Once this is done I will flesh out the RAM Page feature explained a couple of posts up as the Sonic 1 code is not assembling with the correct RAM addresses at the moment.

I had a nice idea for handling appending to data tables, something that is very necessary in assembly and useful for making extensible code. For my needs, I would like all the mobs (enemies and interactive objects) in Sonic 1 insert their required code and table-entries (across the code-base) only when that mob's file is included, allowing fully dynamic inclusion and ordering of mobs.

An elegant way of handling this dynamic inclusion would be to define a table initially deft of data:

% OZ80
TABLE :pointers SECTION ::mobs
%

And then allow us to append a row of data to this table anywhere in the code-base:

% OZ80
ROW :pointers SECTION ::mobs {
WORD :sonic
}

This would also make row indexing and enumeration easier and more implicit too.

append delete #7. Kroc

Half-way through this Abstract Syntax Tree stuff...

Whilst not required at this stage, I would like to have some kind of source caching in place at a later date. Opening and reading files in Windows is quite slow and for a large code base with 100+ source files this adds a lot of up-front time -- 100 file reads are a roadblock as-is, but the bulk of time then falls upon parsing the text into words.

My plan is that once a project is assembled, the token-streams for all files are written out to a binary file. Should the dates / filesizes of source files not change, the tokenised version of the file can be retrieved from the cache, without having to do any string parsing -- a major speed boost, no doubt.

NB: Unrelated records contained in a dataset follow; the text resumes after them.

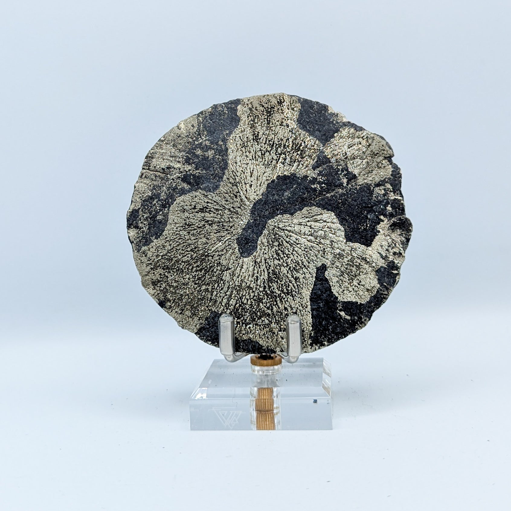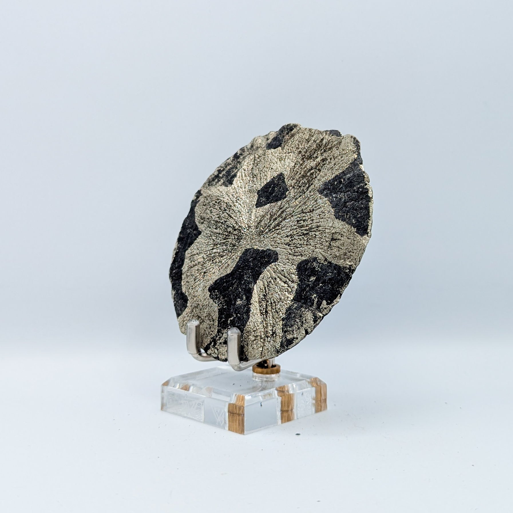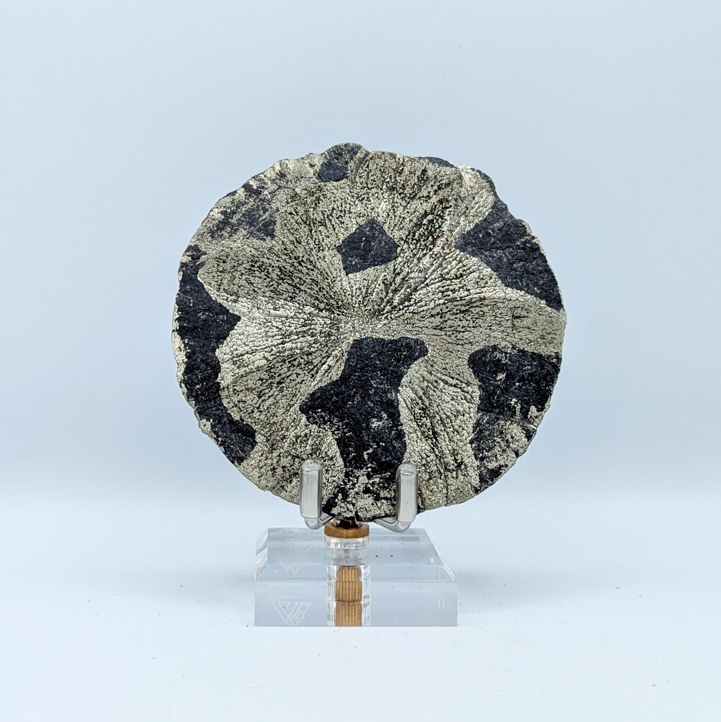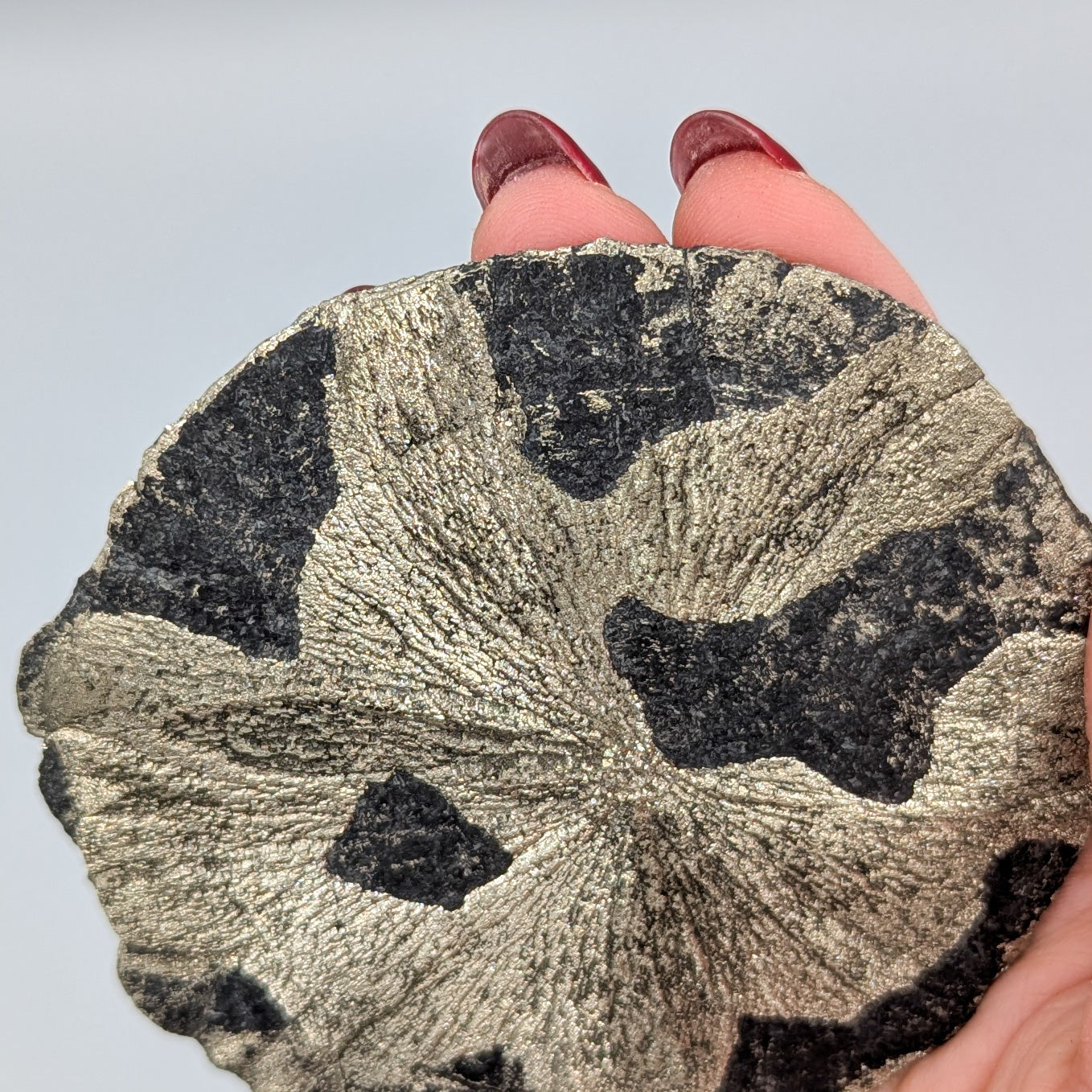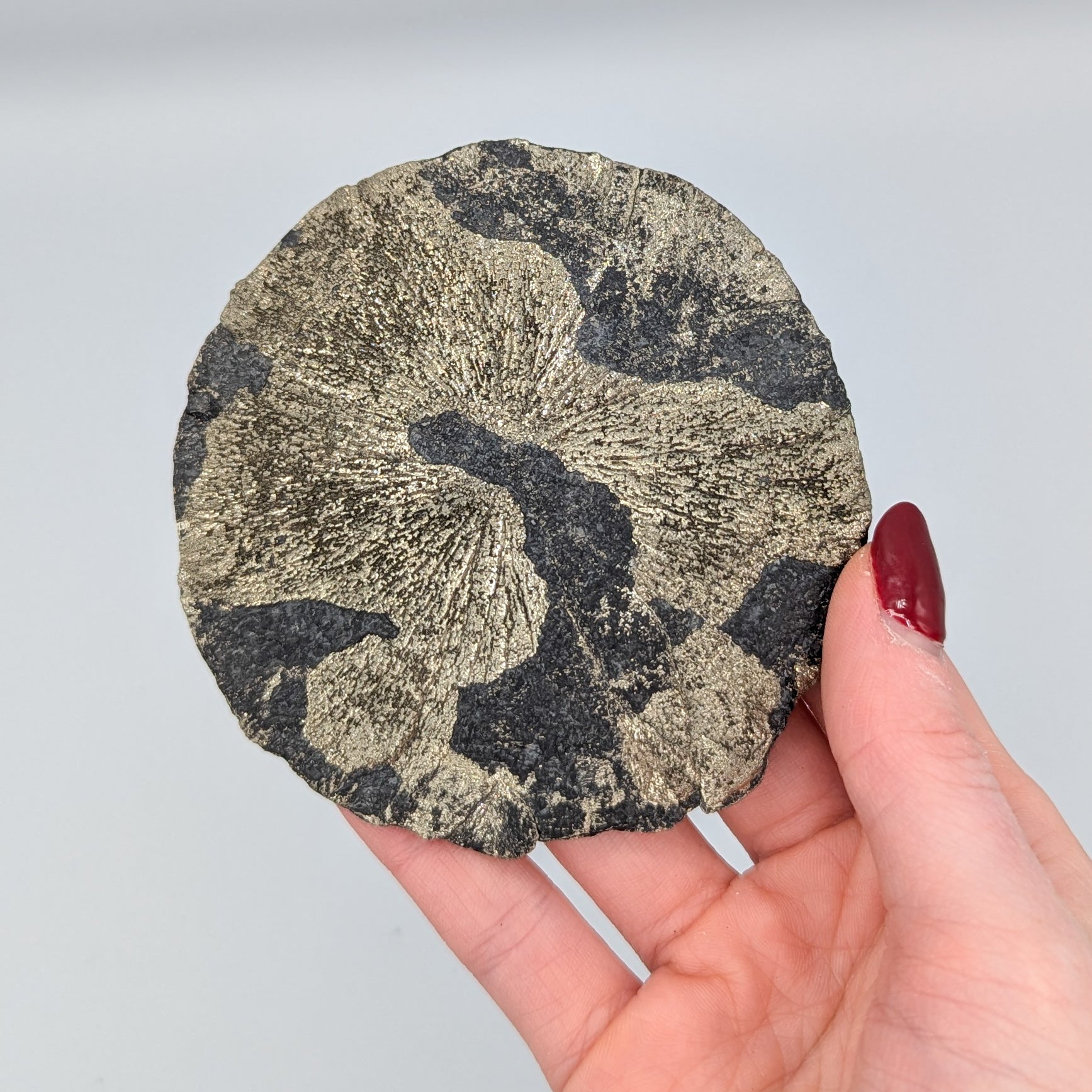 Pyrite Suns are a crystal structure that formed deep underground under enormous pressure about 350 million years ago. It is common to find these mineral disks about 300 feet below ground between seams of coal when coal is mined.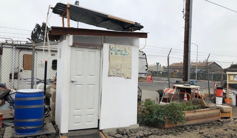 (I was really struck by how the group had stepped in where local government officials had not — at least not in a way that the people living there wanted them to. For example, they’d built the residents of this encampment a shower.)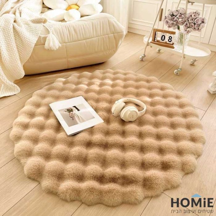 שטיח פרווה עגול כפרי מודרני דקורטיבי תבליטים מוקה דגם אנטונלה 05

Now one could cache the Abstract Syntax Tree instead, which would be even faster (as the token-streams would not have to be built into the syntax tree), but this is far, far too dangerous and unreliable. The whole point of the Abstract Syntax Tree is to do away with validation during assembly, having moved that responsibility to the source parsing. If one were to accept a binary file of an Abstract Syntax Tree, the nodes could be entirely wrong, crashing the assembler with little hope of recovery. Also, should the OZ80 language change, loading an outdated AST would have the same effect.

Instead, if we cache the token-stream (a simple word-for-word compact binary form of the source code), we can re-run this through the validation to build an AST. Therefore poisoned and out-of-date caches would be safely parsed with full error handling.

append delete #8. Kroc

Has it really been that long since the last post? Crazy. We've been having some difficulty with our son's sleep so I've not been working on the code much. I have begun the major work of replacing the linear Token Stream based assembling with the Syntax Tree.

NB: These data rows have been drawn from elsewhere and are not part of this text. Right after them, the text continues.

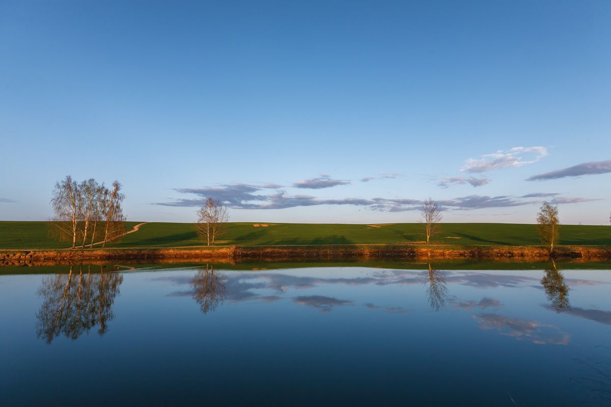 весна апрель вечер озеро вода поле облака, Карабинов Дима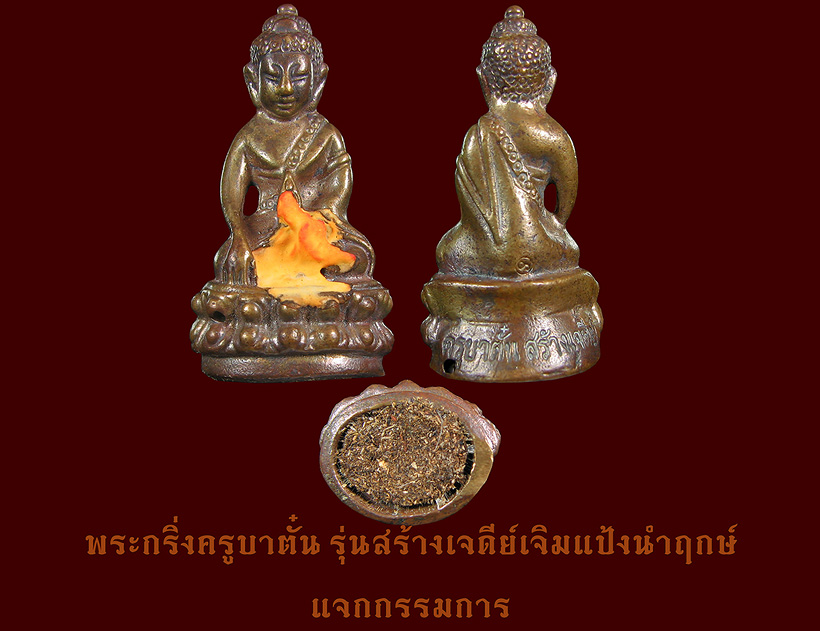 ก่อนที่จะทำการหล่อพระกริ่งชุดนี้ คณะผู้จัดสร้างได้นำชนวนต่างๆ และ มวลสารศักดิ์สิทธิ์ไปให้หลวงปู่จรัญ สุเขสิโน วัดน้ำเคือง ( ศิษย์เอกหลวงพ่อเดิม วัดหนองโพธิ์ ) อธิฐานจิตเป็นปฐมฤกษ์ก่อนหล่อพระกริ่งชุดนี้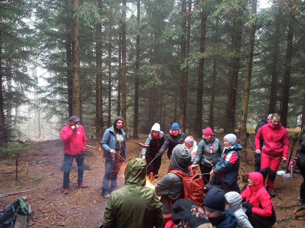 Mimo ,że pogoda nas nie rozpieszczała to jednak w wyśmienitych humorach pokonaliśmy trasę .Oczywiście było ognisko, była kiełbaska. Szukaliśmy w Szczelinach Wiatrowych odpowiedzi na pytanie,, Czy góra oddycha? Czy łapie wdech a potem wydycha powietrze?."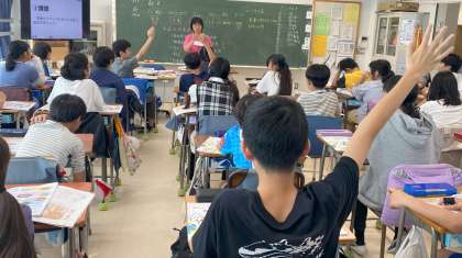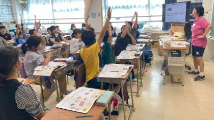 「まかせてね 今日の食事」の学習が始まりました。今回の調理実習の献立は、子どもたちが考えた献立の中からコンテスト形式で投票して選ばれることを知ると、子どもたちは目を輝かせました。給食の献立を立てている栄養士から献立を立てる際に留意している点についてのお話を聞き、献立の立て方について理解を深めました。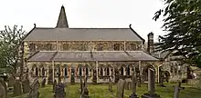 The church is constructed in sandstone from Storeton quarry,[4] and has slate roofs.[2] Its architectural style is that of the 13th century.[3] The plan consists of a seven-bay nave with a clerestory, north and south six-bay aisles under lean-to roofs, a chancel, a north vestry, a north organ loft, and a northwest steeple. The windows along the sides of the aisles are paired lancets, and there is a three-light window in the southwest of the nave. In the clerestory are three-light windows with trefoil heads. The west window of the nave has four lights containing Geometric tracery; this is flanked by lancet windows. Below the window is a gabled entrance. The chancel has a four-light east window, the vestry has a three-light west window with plate tracery and three trefoil-headed east windows, and the organ loft has three lancets with a spherical triangle window above. The tower has angle buttresses, a west entrance, and a north two-light window with plate tracery. The bell openings are louvred with trefoil heads. The tower is surmounted by a shingled broach spire.[2] Set into the wall of the porch is a stone bearing the fossilized footprint of a Chirotherium, an archosaur.[2][3]

What I'd also like to solve whilst rewriting the assembler is removing any need to do string-based lookups of Names (i.e. Constants, Label names &c.). Whilst building the Abstract Syntax Tree, we can actually pre-allocate the names and replace them with index numbers so we can get straight to the defined value without having to search any arrays.

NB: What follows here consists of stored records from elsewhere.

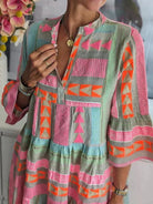 This bohemian midi dress offers relaxed elegance with a carefree charm. Featuring tiered layers and a V-slit neckline. The loose fit and wide sleeves create easy movement, while vibrant prints add artistic flair. Ideal for sunny days and laid-back occasions.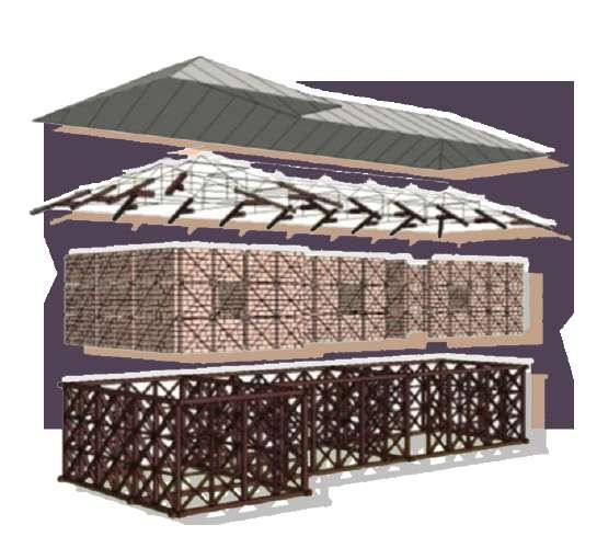 Taq timber construction is a combination of wood and unreinforced masonry laid on weak mortar gives the building the required flexibility and uses traditional architecture and material.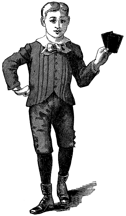 One day a little fellow who had been repeatedly mystified 37by this trick, saw the cards which his brother had prepared lying on the table. He took them up, examined them carefully for a moment, then, with his little face all aglow at the revelation, he exclaimed, “Ha! I’ve found out how you do it now, you just blow charcoal on the other part.” How he got rid of the part already black, he did not explain, nor did we think to ask him, but he had at last solved the puzzle of their turning black, and that was all he cared to do at the time.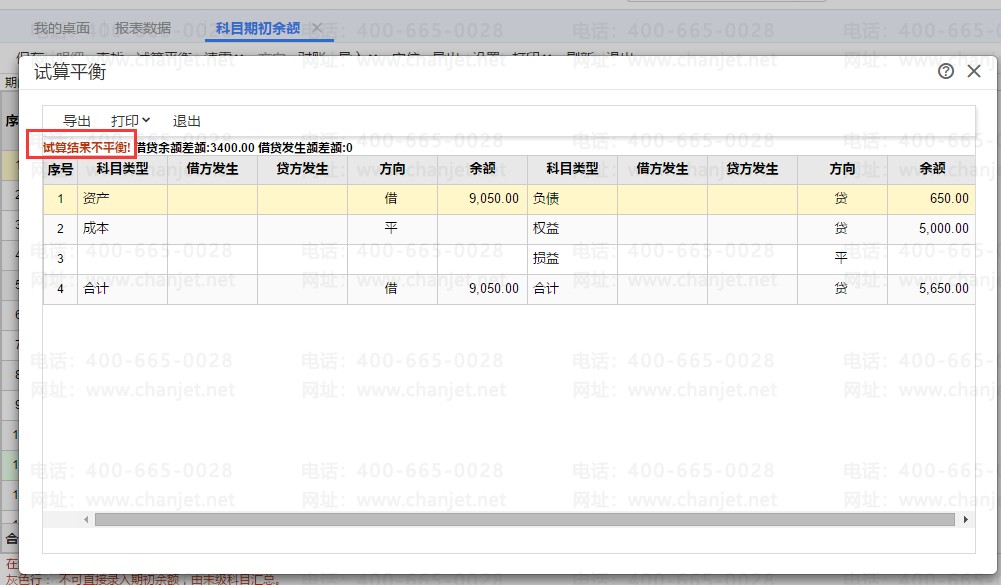 发现科目期初确实试算不平衡,并且与之前的数据核对,检查到是有个科目的期初忘记录入了,重新补录后期初后再重新试算出报表。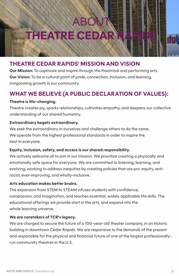 THEATRE CEDAR RAPIDS ' MISSION AND VISION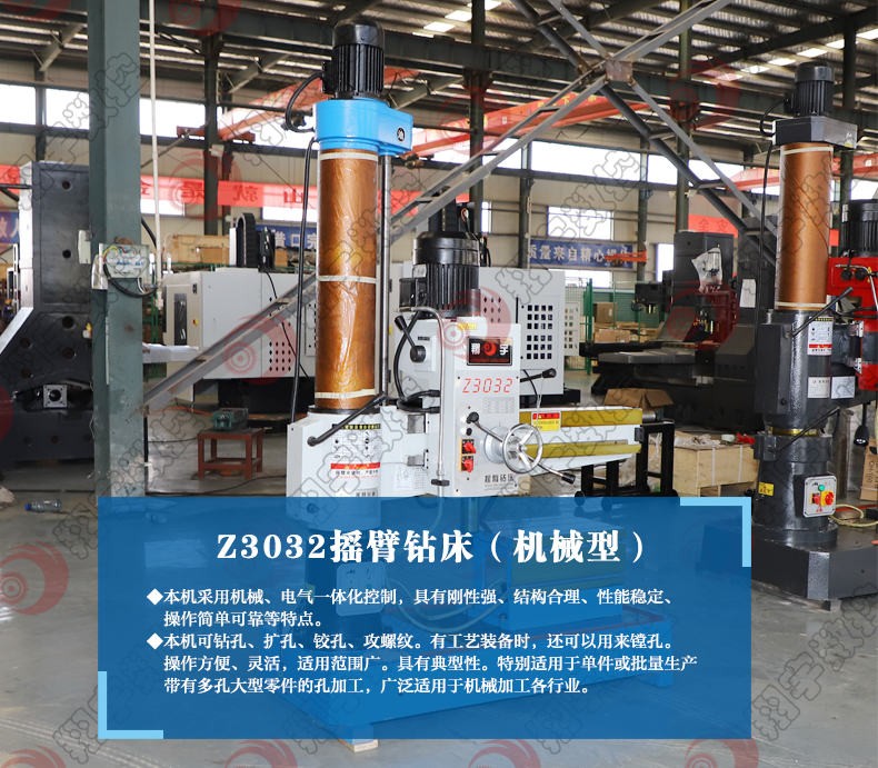 Z3032摇臂钻床钻孔直径(0-32)mm,是一种孔加工设备,适用行业/加工:金属加工/钻孔,扩孔,镗孔,铰孔,攻丝及修刮端面等多种形式的加工。按机床夹紧结构分类,摇臂钻可以分为液压摇臂钻床和机械摇臂钻床在各类钻床中,摇臂钻床操作方便、灵活,适用范围广,具有典型性,特别适用于单件或批量生产带有多孔大型零件的孔加工,是一般机械加工车间常见的机床。

It's probably going to be quiet again for a while. See you then.

append delete #9. Kroc

Been on holiday, haven't coded much this month. Just poking at the OZ80 code to see where I need to continue.

For speed / simplicity, I want to be able to directly associate the Named Values (`::sections`, `:labels`, `.properties` &c.) to their Value-store; the syntax for differentiating property definition and use has reared its ugly head again and I need to come up with an aesthetic answer.

Within OZ80 I do not want to mandate any whitespace as I believe the author should have that flexibility available for themselves. Currently a property (a sub-routine within a Procedure, or a key in a Hash) is defined when it begins a new line, and is otherwise read. I am pained to come up with a good-looking syntax to separate the two.

% Some possibilities:
;#1. some kind of keyword to do the definition:
; pros: clarity, less burden on the more common property use
; cons: somewhat ugly, inconsistent with other forms of definitions (Hashes)
DEF .loop
    jp .loop

;#2. a 'self' prefix to use the property:
; pros: terse, `self` prefix may find use consistently elsewhere in the syntax
; cons: increases potential typos and places burden on the more common usage scenario
.loop
    jp ~.loop

;#3. conversely, a prefix to define a property:
; pros: terse, less burden on the usage scenario
; cons: consistently ugly and confusing, potentially inconsistent with other forms of definition 
:.loop
    jp .loop
%
append delete #10. Kroc

Weeks of illness, sleep difficulties and general busyness; I haven't had the brain power to get my head around OZ80 and I've been feeling disheartened over how endless development is. It's taken since the last post until now to work out what was making recent work too difficult to nail down -- the Abstract Syntax Tree was not abstract! I made the mistake of re-using the language tokens for the syntax tree so all I was doing was double-implementing the same grammar parsing -- once with tokens and again with the tree. This got seriously confusing, fast.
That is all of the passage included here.